A-2032-03T4 (N.J. Super. App. Div. 2005) (Unpublished)

DEEDS; RESTRICTIONS—A deed restriction stating that the conveyed lot is too small for building purposes and may only be used for lawn or setback purposes bars not only the construction of homes or buildings but also bars the construction of other improvements.

A developer owned two adjacent tracts of land. In all, they totaled four tax lots. Two of the tax lots “were undersized, non-conforming plots adjacent to a bulk-head bordering on [an inlet].” They had been owned by the municipality until 1973, “when they were conveyed to the then owners” of the adjacent full size lots. The deed to the two undersized lots contained the following restrictions: “1. These lots are too small for building purposes; and may be used for lawn and/or setback purposes only. 2. Purchaser shall grant an easement to [the municipality] for the maintenance of bulkhead and stone revetment as stated above. 3. These lots shall be used solely for residential purposes and shall comply with all ordinances of [the municipality] applicable thereto.” The developer intended to build single-family homes on the two full size lots. While it did not intend to construct any “buildings” on the two smaller, restricted lots, it “intend to construct a pool, patio and fence in each of the restricted areas” on them. This raised some questions and the municipal construction official withheld building permits “pending a determination by the [municipality’s governing body] as to the meaning and intent of the restriction as it relates to the restricted lots.” The developer and neighboring property owners appeared at the governing body’s hearings and presented evidence. The municipality ruled that the restrictions prohibited the proposed improvements and that there was no justification to issue a waiver of the restrictions. The developer then sued, arguing “that restrictive covenants are to be strictly construed and that the language of the subject covenant [was] ambiguous.

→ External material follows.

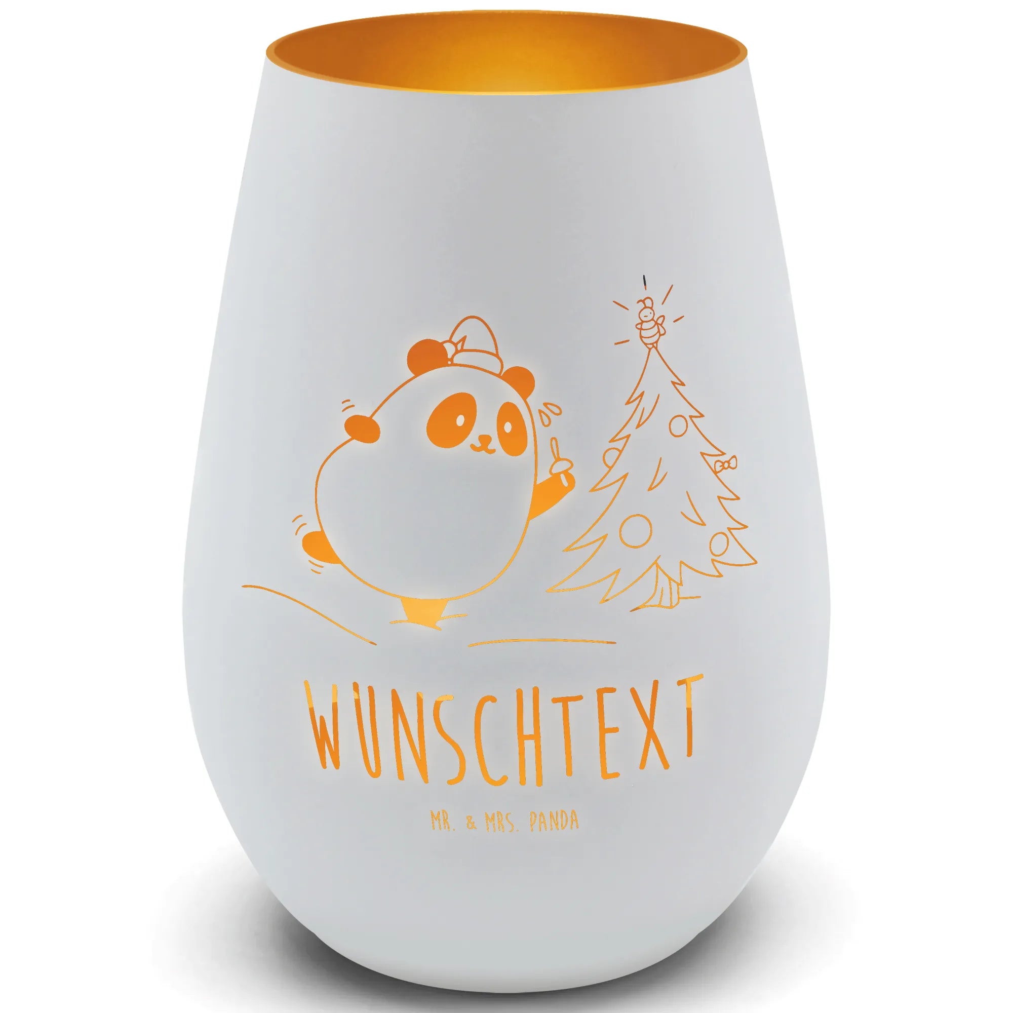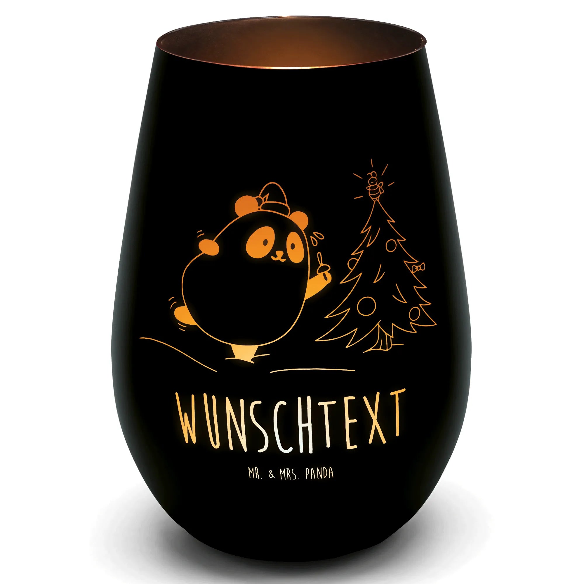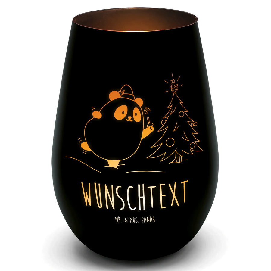 Gold Windlicht Personalisiert Panda Weihnachtszeit - Schwarz

It contend[ed] that ‘too small for building purposes’ means that the lots are too small to support individual residences, but that they are not too small for accessory uses.” Their opponents “argued that the challenged terminology [was] unambiguous and preclude[d] the construction of not only buildings, but of any structure, including patios, swimming pools and the like in the restricted areas.” The lower court “concluded that the restriction ‘means what it says and says what it means.’” It ruled that the lots could not be used for any type of construction or development. The developer further appealed.

At the outset, the Appellate Division held “that the interpretation of the deed is not to be determined by the intent of the grantor. A restrictive covenant is a contract.” Whether a term is clear or ambiguous is a question of law. Further, the Court believed that “[t]he intended purpose of the restriction [was] apparent from its language. Not only did the restriction state that ‘these lots are too small for building purposes,’ but also stated they ‘may be used for lawn and/or setback purposes only.’” According to the dictionary, a lawn is “an open space between woods.” The second dictionary meaning is “ground covered with grass and not tilled; esp: ground covered with fine grass kept closely mowed esp. in front of or about a house or as part of a garden or park.” Based on the dictionary reading and a close reading of the restriction, the Court ruled that the lower court properly held that the restriction was unenforceable and that no improvements at all could be built on the undersized, restricted lots.